Spitzer puts a new spin on the Helix Nebula
Helix Nebula (NGC 7293) is a challenging stargazing target for amateur astronomers. It is one of the closest planetary nebulas – a type of nebula formed from gas ejected by a dying sunlike star. Yet it is so large and spread out in the sky that it appears very dim in a telescope eyepiece. Long-exposure photographs unveil the true beauty of this celestial wonder. A new portrait of the Helix Nebula, created by the penetrating infrared gaze of NASA’s Spitzer Space Telescope, was released Jan. 9, 2006, at the 207th meeting of the American Astronomical Society.

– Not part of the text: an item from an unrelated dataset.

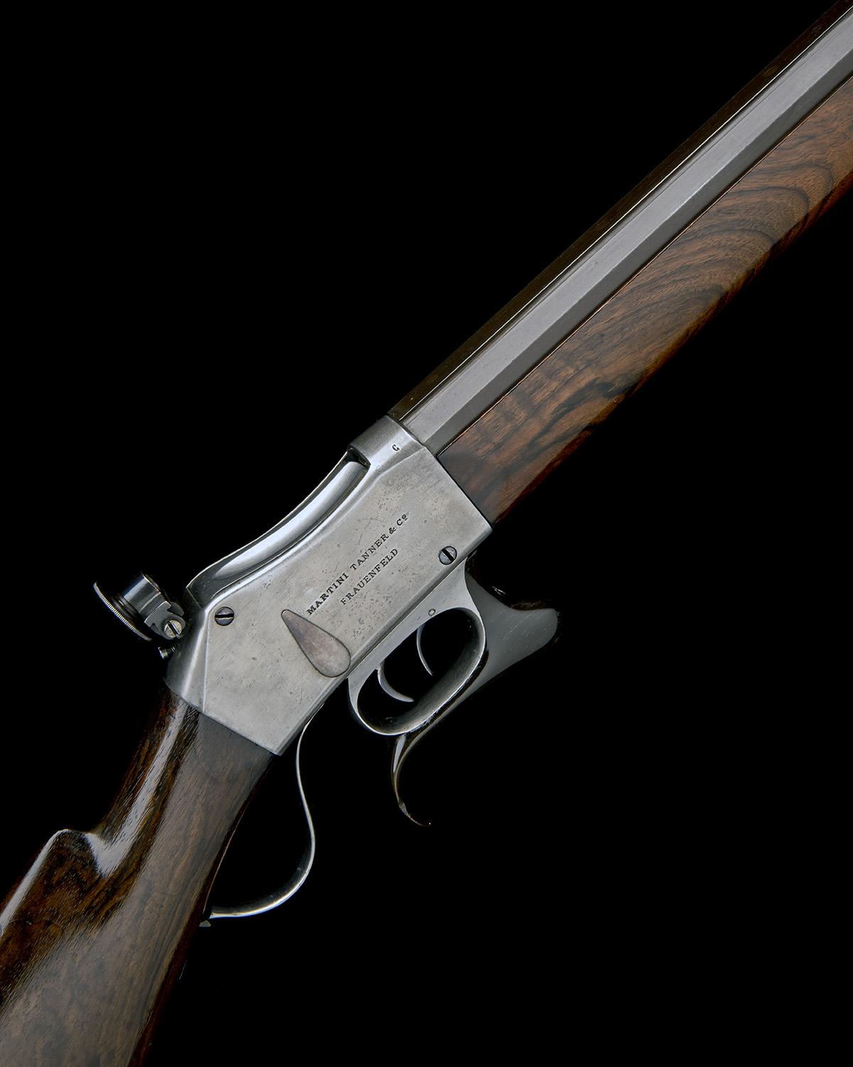 circa 1890, with heavy octagonal 31 1/2in. barrel, raised longitudinal dove-tail for the first third of the barrel for a rear-sight (absent), dove-tailed pillar fore-sight with side protectors, polished slab-sided receiver signed on the right 'MARTINI TANNER & CO, FRAUENFELD', the left side marked 'MARTINI'S PATENT 1704', adjustable pan-head peep-sight mounted to rear of action, walnut butt-stock with raised cheek-piece and iron Swiss-style heel-plate, iron finger-lever, complex moulded horn palm-rest to underside of trigger-guard bow, smooth walnut half-length fore-end with schnabel tip and held by a single cross-key and iron swivels

Although named for its resemblance to a coiling spiral seen face on, the Helix Nebula has a more complex three-dimensional structure. Previous studies showed that it consists of two gaseous disks nearly perpendicular to each other. Observers on Earth view the main disk nearly face on, making it appear more ring-shaped.
In addition to its overall structure, the Helix proved to be surprisingly complex even at the smallest scale visible to Spitzer.
“Most planetary nebulas look diffuse and uniform through telescopes,” explained Joseph Hora of the Harvard-Smithsonian Center for Astrophysics (CfA), who leads the team that took the image. “Because the Helix is so close, we can see more details of its fine structure. Spitzer shows that the Helix is clumpy at very small scales.”
The most striking feature of the Helix, first revealed by ground- based images, is its collection of thousands of distinct blobs that resemble comets due to their compact heads and long, streaming tails. Each “cometary knot” is much larger than an actual comet, spanning about twice the size of our solar system. Each knot holds about an Earth-mass of hydrogen and other gases that were expelled from the nebula’s central star thousands of years ago.
In the Spitzer image, the cometary knots show peculiar color- coding with blue-green heads and reddish tails. The bluer, more energetic radiation at the tips comes from molecular hydrogen that has been excited by ultraviolet radiation from the nebula’s central star or shocked from its fast-moving stellar wind. The tails lie behind the main body of the knots and are relatively shielded. As a result, they emit redder, less energetic radiation.